Bush's `moral vision' leaves no room for error

April 19, 2004|By Ellen Goodman

BOSTON - Maybe I shouldn't be hard on the president for flunking his pop quiz on foreign policy. After all, it wasn't a take-home exam, and he didn't have Dick Cheney by his side.

But when a reporter at the prime-time news conference asked what errors he had made and what lessons he had learned, the president was stumped.

"I'm sure something will pop into my head here in the midst of this press conference, with all the pressure of trying to come up with an answer, but it hadn't yet," he said.

After another golly-gee-whiz stumble, he added, "You just put me under the spot here and maybe I'm not as quick on my feet as I should be in coming up with one."

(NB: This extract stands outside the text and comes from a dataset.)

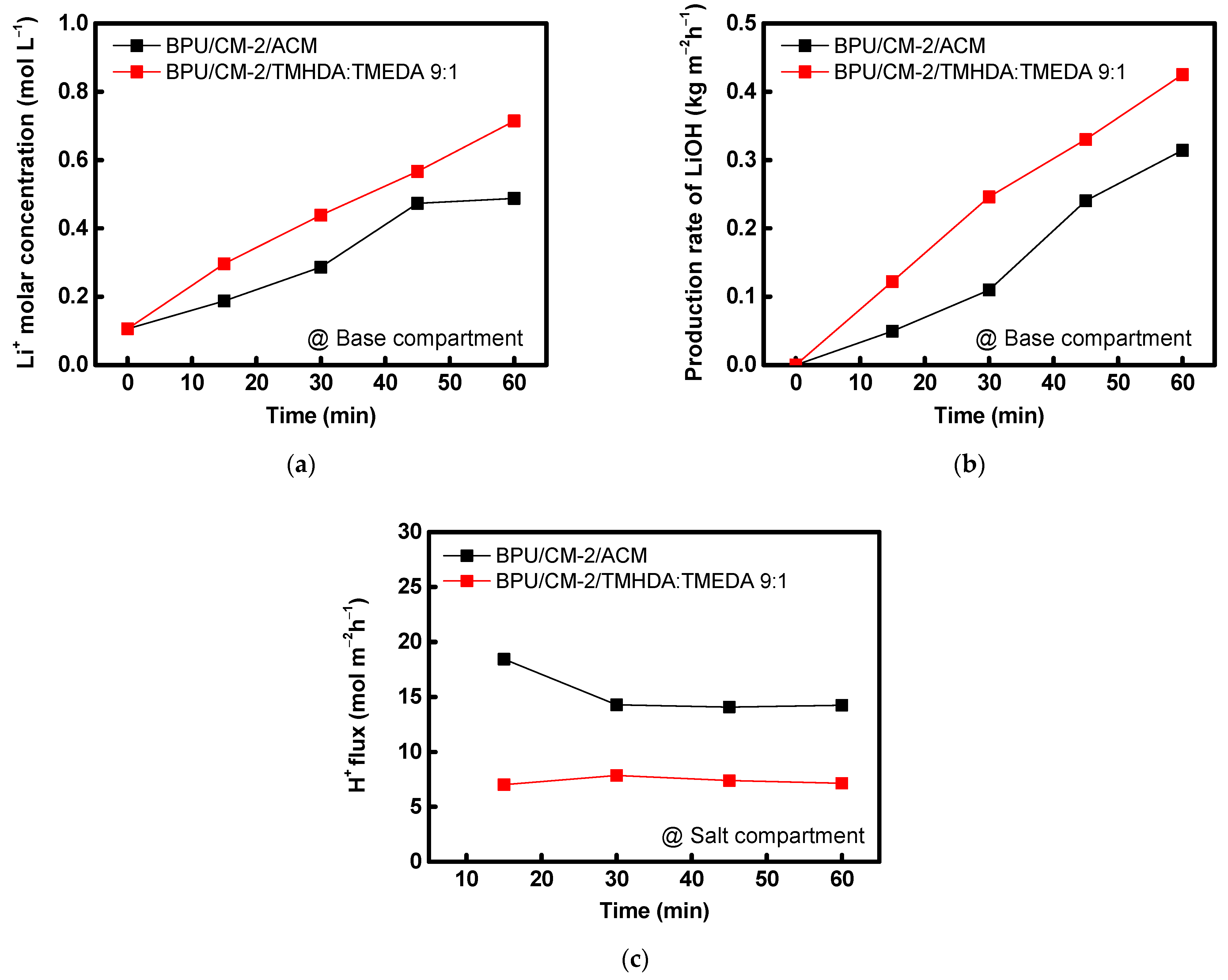 | Membrane | Energy Consumption (kWh kgLiOH−1) | Production Rate (kg m−2h−1) | Recovered Quantity (mmol) |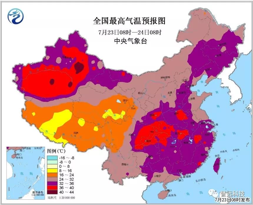 预计7月23日白天,陕西中南部、山西西南部、内蒙古西部和东南部、黄淮西部、江淮西部、江汉、江南大部、华南北部、四川盆地中东部、重庆、贵州北部、新疆中南部等地最高气温35~36℃,其中,陕西中南部、山东西南部、河南东部、湖北西部和东部、湖南西北部、江西东北部、四川东部、重庆、福建南部、新疆南疆盆地等地的部分地区最高气温37~39℃,局地可达40℃。

Of course, if he needs a little help, I'm happy to share a few of the greatest hits from his bloopers reel. Mistakes? Howsabout them weapons of mass destruction? Howsabout the persistent links to nuclear weapons? Howsabout the connection between Saddam Hussein and 9/11? Howsabout the "Mission Accomplished" speech, or the idea that Iraqis would see us as liberators, not occupiers? Anyone hear an "oops"?

In the aftermath, many called the president's answer a savvy political strategy: Strong men never say they're sorry.

But I think there's something much more chilling going on. He truly doesn't believe he made any mistakes.

Last year, we launched a pre-emptive, nearly unilateral war on the grounds that Mr. Hussein was an imminent threat to our nation. Now the moral justification for this war has simply, seamlessly and without explanation morphed from defending ourselves to "changing the world."

The president said that even if he'd known then what he knows today, he still would have invaded Iraq. In an honest, passionate moment, he proclaimed, "Freedom is the Almighty's gift to every man and woman in this world. And as the greatest power on the face of the Earth, we have an obligation to help the spread of freedom. ... That is what we have been called to do, as far as I'm concerned."

But is that what the Senate felt called to do when it gave him the chit for war? Or the country?

It's not just that "weapons of mass destruction" have become "weapons of mass destruction program-related activities." The commander in chief has become the evangelist.

Remember when we disparaged George the Father for his breezy dismissal of "the vision thing"? What was he? A mere pragmatist. Well, George the Son has the vision thing in its pure tunnel form: The facts don't blur the fixed view.

In Texas, they talk about a man who is all hat and no cattle. But in Washington, we have a Texan who is all vision and no reality.

When another reporter asked the president how he got "it" - the WMD, our welcome as liberators - so wrong, Mr. Bush stumbled again. Wrong isn't on his answer sheet because he's conflated two definitions of the same word: the wrong that's "incorrect" and the wrong that's "immoral."

And if what he's done is moral, it cannot be a mistake.

Time and again he has proudly described himself as a man who sees the world in black and white. "We are in a conflict between good and evil." "There is no neutral ground between good and evil." "You're either evil or you're good. This great nation stands on the side of good."

But what happens in his world when right people do wrong things? They don't. Morality is mistake-proof. If the mission is right, everything else is a detail.

Do I hear the word crusade?

Historian Alan Lichtman says the Bush vision "combines Teddy Roosevelt's triumphalism and the Rev. Jerry Falwell's moralism. If you are on a moral crusade, you cannot admit you are on the wrong path. If you are doing the good moral work, you cannot apologize."

Right and wrong are not facts; they're ideals.

The terrible irony is that Iraq has - now - become a front line in the war on terror and a training ground for terrorists. We can't declare victory and leave, as was said of Vietnam. It is indeed unthinkable to depose a tyrant and see him replaced by civil war or a religious despot. We are left seeking a pragmatist to lead us out of Mr. Bush's ideological mess.

The other day, a 20-year-old corporal fighting in Fallujah said, "I just hope we end up improving this country. Otherwise, I'll figure this was a waste of time."

These young men and women are left to correct the mistakes of a president who doesn't even know he made them. So much for the vision thing.

Ellen Goodman is a columnist for The Boston Globe. Her column appears Mondays and Thursdays in The Sun.